# What cool and useful things would you do with your Windows VPS?



## Hxxx (Mar 29, 2014)

Hi,

I you had one Windows VPS idle, what cool and useful things would yo do with it?


----------



## HaitiBrother (Mar 29, 2014)

Host a Skype Music DJ server?


----------



## Aldryic C'boas (Mar 29, 2014)

Reinstall to Gentoo.


----------



## tchen (Mar 29, 2014)

24hr live stream the windows pipe screen saver.


----------



## goo (Mar 29, 2014)

Loadup a virtual audio cable and spotify, then join teamspeak servers playing music


----------



## Nett (Mar 29, 2014)

Traffic exchange

Video encoding


----------



## texteditor (Mar 29, 2014)

Host .NET stuff? idk, I suppose you can do that on Lunix these days too with Mono. I guess "bot some online game" is the only uniquely-Windows use case I can think of


----------



## Enterprisevpssolutions (Mar 30, 2014)

Convert to centos w/cpanel if hosting email, sites and databases and not worry about windows updates or security issues not to mention its linux.  B)


----------



## mikho (Mar 30, 2014)

What do you want to do with it?


----------



## dave (Mar 30, 2014)

In the past I've tried to come up with ideas about what I could do with a windows vps, but haven't really found anything interesting.

I suppose you could load virtualbox on it, and run centos or some other linux from virtualbox.

And I'm not anti-windows.  I use it on my home pc.  Just not that interested in a windows server.  But I'm open to new ideas, if there could be something useful to do with it.


----------



## HostStage (Mar 30, 2014)

Hello,

There are many things you can do with a windows VPS.

You can run any application ressources intensive. (SEO tools to name one of the top usage of a windows VPS)

You can create awesome video and upload them to youtube in a heart beat.

You can create a game server, a web TV, web radio or  even a stream relay. 

You can create also your own cloud to host your most important files.

If you have Windows server edition, you can also start hosting a website with IIS.
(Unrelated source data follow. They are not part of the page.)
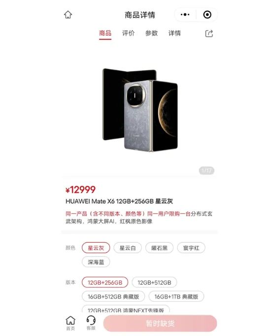 据华为全球旗舰店现场反馈,Mate X6上市即售罄,消费者需预约购买。线上华为商城同样火爆,开售后迅速被抢购一空,所有型号均显示缺货。
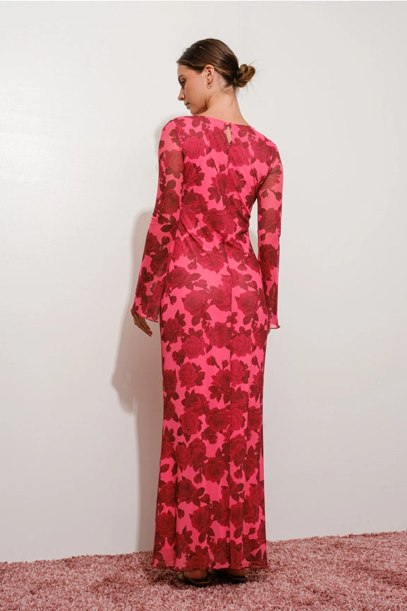 Exclusive Floral Print Bell Sleeve Maxi Dress
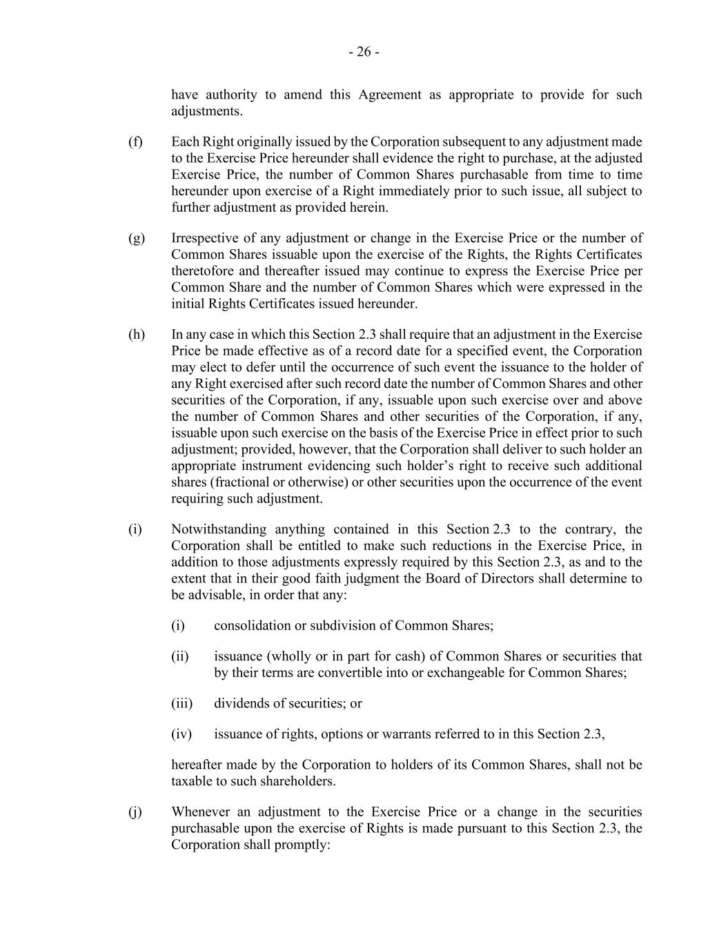 -26-有权酌情修改本协议,以规定此类调整。(f)公司在根据本协议对行使价格作出任何调整后最初发行的每一项权利,应证明有权在紧接本协议发行前行使一项权利时,以调整后的行使价格购买根据本协议不时可购买的普通股数量,所有这些权利均须按本协议规定进行进一步调整。(g)不论行使价格或行使权利时可发行的普通股数目有任何调整或变动,在此之前及之后发行的权利证书可继续表示每股普通股的行使价格及根据本协议发行的初始权利证书中所表示的普通股数目。(h)在任何情况下,如本条第2.3条规定行使价格的调整自指明事件的记录日期起生效,则公司可选择将在该事件发生时向在该记录日期后行使的任何权利的持有人发行的公司普通股及其他证券(如有的话)的数目,在该行使时可发行的数目超过公司普通股及其他证券(如有的话)的数目,可在此类行使时根据此类调整前有效的行使价格发行;但条件是,公司应向该持有人交付一份适当的文书,证明该持有人有权在需要此类调整的事件发生时获得此类额外股份(零碎或其他)或其他证券。(i)尽管本条第2.3条另有相反规定,除本条第2.3条明文规定的调整外,公司有权在行使价上作出削减,但以董事局在其善意判断中裁定为可取为限,为了使任何:(i)合并或拆细普通股;(ii)发行(全部或部分以现金形式)按其条款可转换为或可交换为普通股的普通股或证券;(iii)证券股息;或(iv)公司向其普通股持有人发行本条2.3中提及的权利、期权或认股权证,以下情况不对这些股东征税。(j)凡依据本条第2.3条对行使价格作出调整或在行使权利时可购买的证券发生变动,公司须迅速:
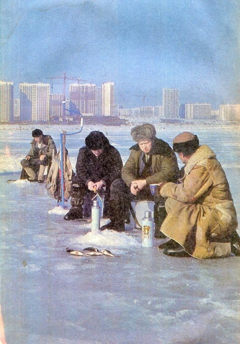 Этот снимок словно переносит нас в прошлое — в атмосферу спокойных зимних дней, когда рыбалка была не просто хобби, а целым ритуалом, объединяющим друзей и семьи. На фоне строящегося города четверо рыбаков погружены в своё неспешное занятие: они сидят на льду, укутанные в тёплые тулупы и ушанки, сосредоточенно следят за лунками и бережно обращаются с уловом.

So many things to be done, just find something you would like doing.


----------



## FHN-Eric (Mar 30, 2014)

You can do a lot of things with a windows vps, the only thing missing is a decent control panel like cPanel for windows server. If someone made one easy to use like cPanel, it would have a chance of competing.


----------



## fixidixi (Mar 30, 2014)

FHN-Eric: on the contrary: i think windows server is much more like a control panel, the only decent thing its missing is full-featured command prompt  there are so many things u cant do over cmd just in the gui (or its not documented anywhere how)


----------



## tchen (Mar 30, 2014)

fixidixi said:


> FHN-Eric: on the contrary: i think windows server is much more like a control panel, the only decent thing its missing is full-featured command prompt  there are so many things u cant do over cmd just in the gui (or its not documented anywhere how)
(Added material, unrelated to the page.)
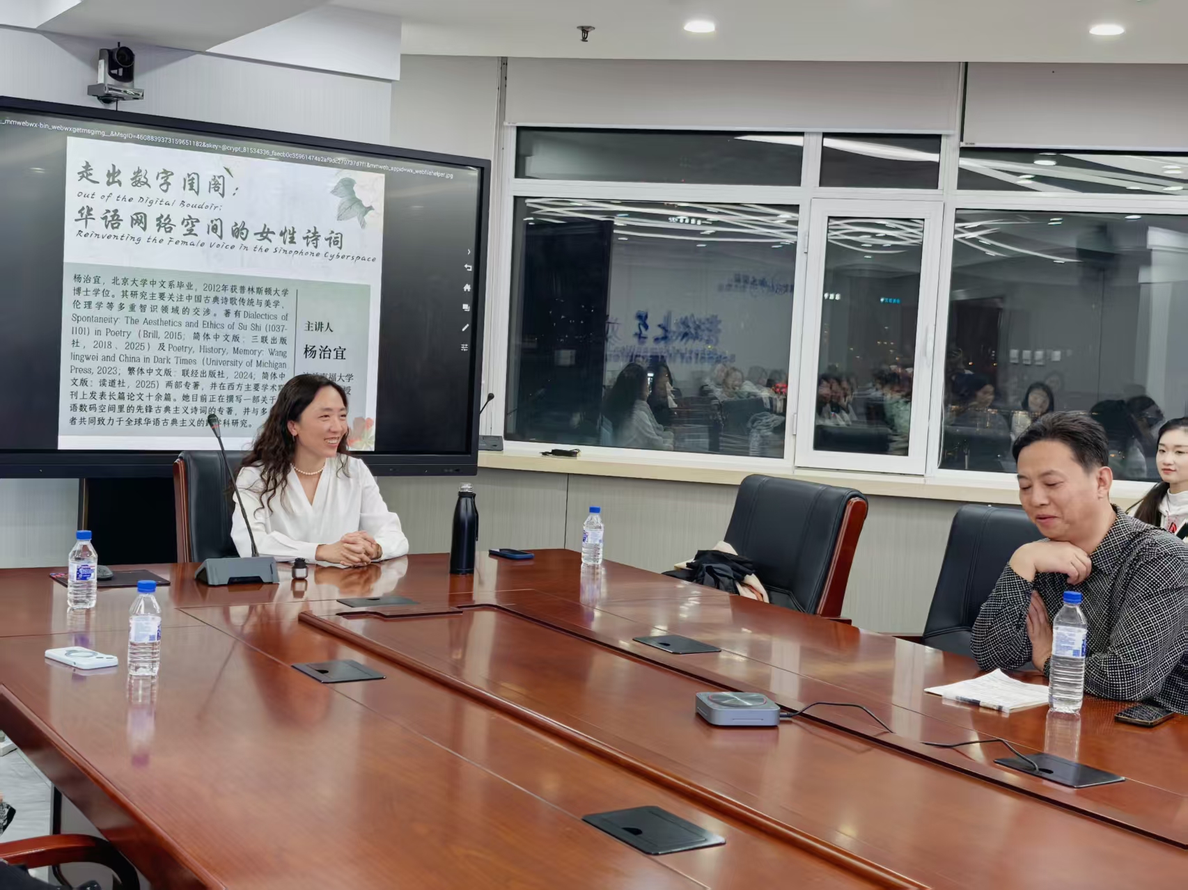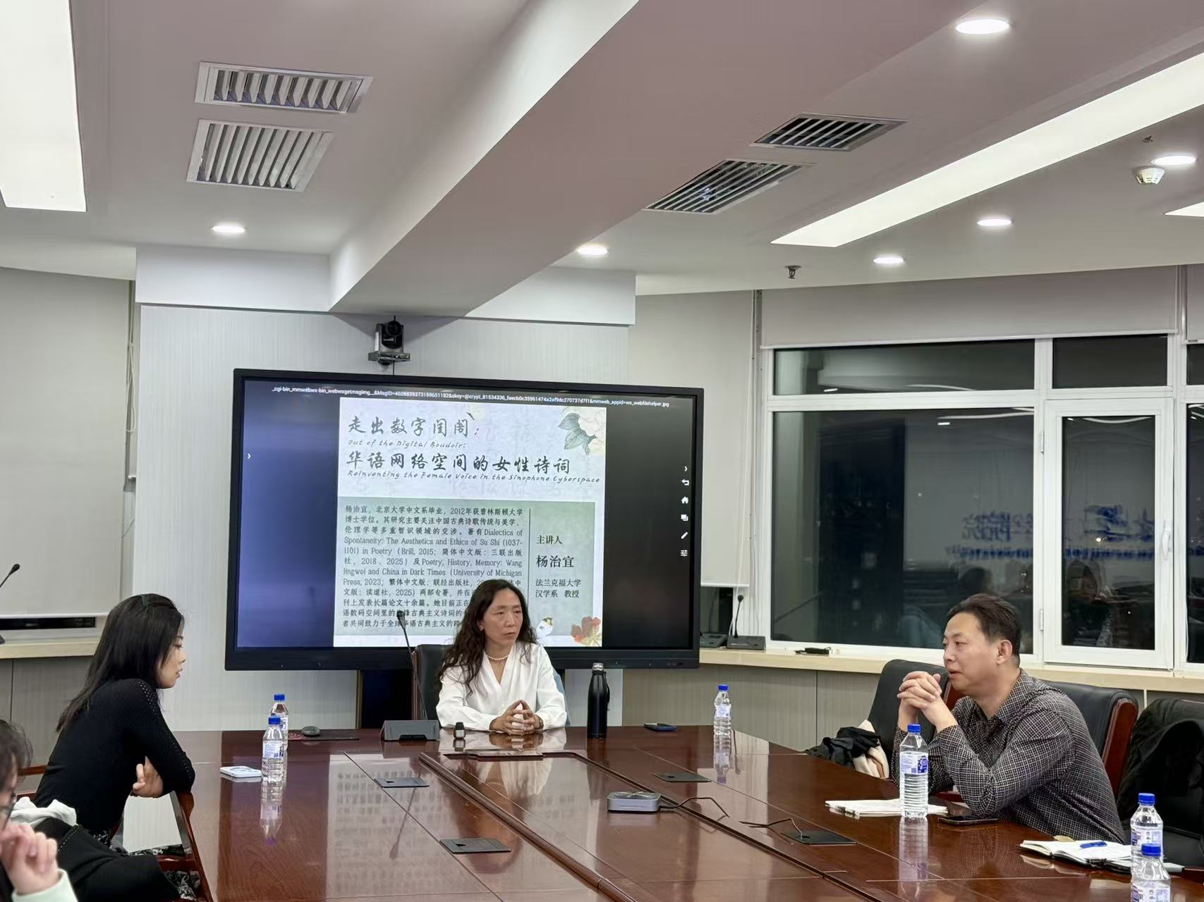 2025年10月28日晚,球探网页版讲座在东荣十楼会议室举行。本次讲座由杨治宜教授主讲,讲座主题为《走出数字闺阁:华语网络空间的女性诗词》,球探网页版马大勇教授与谈,副教授赵郁飞主持,数十位校内师生参与。

http://en.wikipedia.org/wiki/Windows_PowerShell


----------



## howardsl2 (Mar 30, 2014)

If you only run Linux at home, you can use that idle Windows VPS to remotely run some windows-only software, such as minesweeper and 3d pinball space cadet.


----------



## raindog308 (Mar 30, 2014)

FHN-Eric said:


> You can do a lot of things with a windows vps, the only thing missing is a decent control panel like cPanel for windows server. If someone made one easy to use like cPanel, it would have a chance of competing.


Never used it myself but...cPanel makes one:

http://enkompass.cpanel.net/


----------



## Packety (Mar 30, 2014)

i would have reinstalled it to centos, so much more you can do with it then!


----------



## Hxxx (Mar 30, 2014)

ehm

Is a Windows only host, no reinstall to centos 

Currently using it for ampps, for development websites. 
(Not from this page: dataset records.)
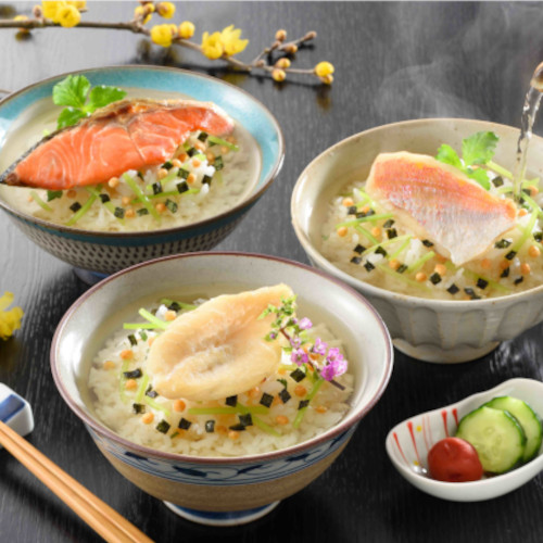 美味しく調味加工した魚の切身と、だしつゆが決め手の魚介系茶漬けの詰合せです。
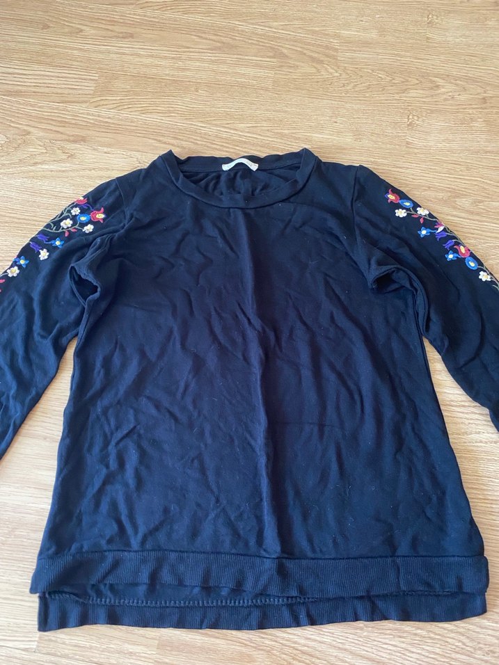 Koyu mavi, uzun kollu, yuvarlak yakalı, bol kesim kız tişörtü. Kollarında çiçek işlemeleri ve düğme detaylarıyla sokak modasına uygun.
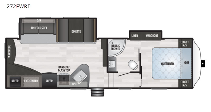 It's time for you to do camping the right way with this Keystone Springdale 272FWRE fifth wheel! It features a front private bedroom that has a queen bed for you to rest up after your adventurous day. Plus, there are closets and nightstands on either side of the bed and a wardrobe for you to keep your clothes tidy. You even have your own entrance into the dual entry bath. Inside the bathroom, there is a radial shower with a skylight above to help add more natural lighting as you get ready for the day. While you're whipping up your best meal in the kitchen with the three burner cooktop with an 18" oven or even the residential microwave, you can still socialize with your family and friends as they relax at either the booth dinette or the tri-fold sofa. Both of these furnishings can transform into extra sleeping spaces when you need them.

One can install wordpress and joomla instances and much more with WEB PI from Microsoft. Works good. But for my likes, IIS is meh.


----------



## MannDude (Mar 31, 2014)

Ordered a Windows VPS from Winity last month... I think all I've done is install Firefox and run a speedtest... I really have no idea what to use it for.


----------



## HalfEatenPie (Mar 31, 2014)

MannDude said:


> Ordered a Windows VPS from Winity last month... I think all I've done is install Firefox and run a speedtest... I really have no idea what to use it for.


That's me and my Corgitech Windows VM in LA.  I originally wanted to install Opserver but I found out Opserver doesn't do linux monitoring.  I originally wanted to replace my Observium installation with it but...  yeah.


----------



## serverian (Mar 31, 2014)

HalfEatenPie said:


> That's me and my Corgitech Windows VM in LA.  I originally wanted to install Opserver but I found out Opserver doesn't do linux monitoring.  I originally wanted to replace my Observium installation with it but...  yeah.


You can install PRTG


----------



## raindog308 (Mar 31, 2014)

MannDude said:


> Ordered a Windows VPS from Winity last month... I think all I've done is install Firefox and run a speedtest... I really have no idea what to use it for.


The industry needs more customers like you. . "ok, I'll buy it buy I have no idea what I'll do with it."


----------



## Roger (Mar 31, 2014)

IIS, MSSQL, and .NET applications is a common use scenario for Windows Server hosts.


----------